Зазвенев кандалами, палач отступил на шаг, размотал кольцами кнут, утвердился наново, подернув еще цепь по полу, но бить не стал, а сокрушенно сплюнул, утерся. Не хуже любого-всякого видел он, что перебрал.
Не смыкая рот, Родька раздавлено на грани слышимого скулил – дыхания не было в нем на крик.
– Кто тебя учил отречься от Христа? – глухо сказал князь Василий.
Родька не мог отвечать, даже если и понял: губы дрожали, обожженный, без дыхания, он забыл речь.
Князь Василий подал знак, палач свистнул кнутом.
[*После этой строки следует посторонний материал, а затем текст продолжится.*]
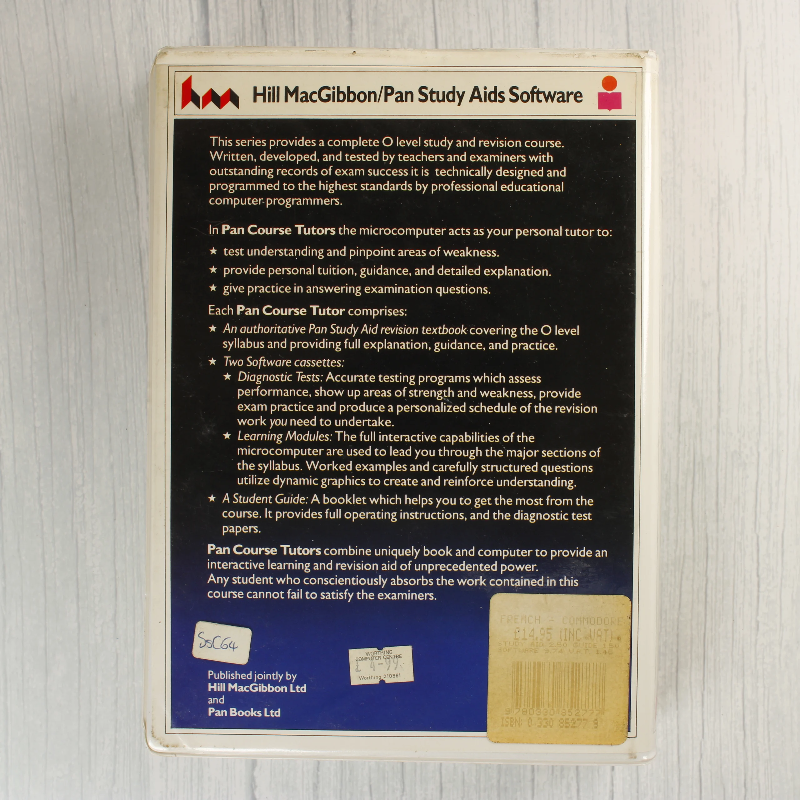 Pan Course Tutors French nyelvoktató szoftvercsomag Commodore 64-hez, két kazettával és kísérőfüzettel, Hill MacGibbon/Pan Books kiadásban.

– А-ах! – вскрикнула Федька, содрогаясь.
Розовая полоса легла рядом с первой, багровой, не пересекаясь. И третья. Четвертая. Пятая. Шестая. Седьмая… Раздирая слух, свистело неуловимое жало, язвил, оплетая тело, кнут, в исступлении тряслась Федька, вскрикивая на каждый удар, слезы текли по щекам молодого пушкаря, хмуро, сцепив зубы, смотрели приставы, ухватившись за столешницу, неотрывным взглядом, в столбняке глядел князь Василий, Бунаков приподнялся, зрачки расширились, привалился на стол Патрикеев, припал, устремившись вперед, прижался, как волк брюхом, челюсти затвердели…
– Хватит, – выдохнул князь Василий.
Федька расцепила руки. Ладонь была розовая и белая со следами зубов, в слюне.
Палач утерся. Он тяжело дышал, блестела испариной выпуклая лысина, рубаха прилипла к груди, помутнев пятнами.
– Кто тебя учил отречься от Христа? – членораздельно произнес князь Василий.
Родька шевелил губами, пытаясь заговорить. Спина его наполовину ободранная, от пояса до плеч была покрыта искусно, одна вдоль другой положенными полосами, красная жижа расползалась на оставшиеся целыми участки кожи.
– С-сенька, – произнес колдун, заплетаясь языком, – Сенька у-учил.
Опомниться Федька не успела – душераздирающий свист – брызнула плоть. Палач, озлобляясь, рубил нещадно, метал по воздуху кровавые брызги, снова обрушил он кнут, Федька поднялась, что-то соскользнуло с колен, грохнулось, Федька покачнулась, чувствуя, как подкатилась дурнота, дышать нечем, все заливала кровь, струйками стекала она по бокам, мочила брусья, капала на пол, в тумане, простирая руки, Федька шагнула к двери, нащупала косяк, мимо каких-то людей – ее пытались остановить – выбралась на улицу, на нестерпимый ослепительный свет, и согнулась в позыве рвоты.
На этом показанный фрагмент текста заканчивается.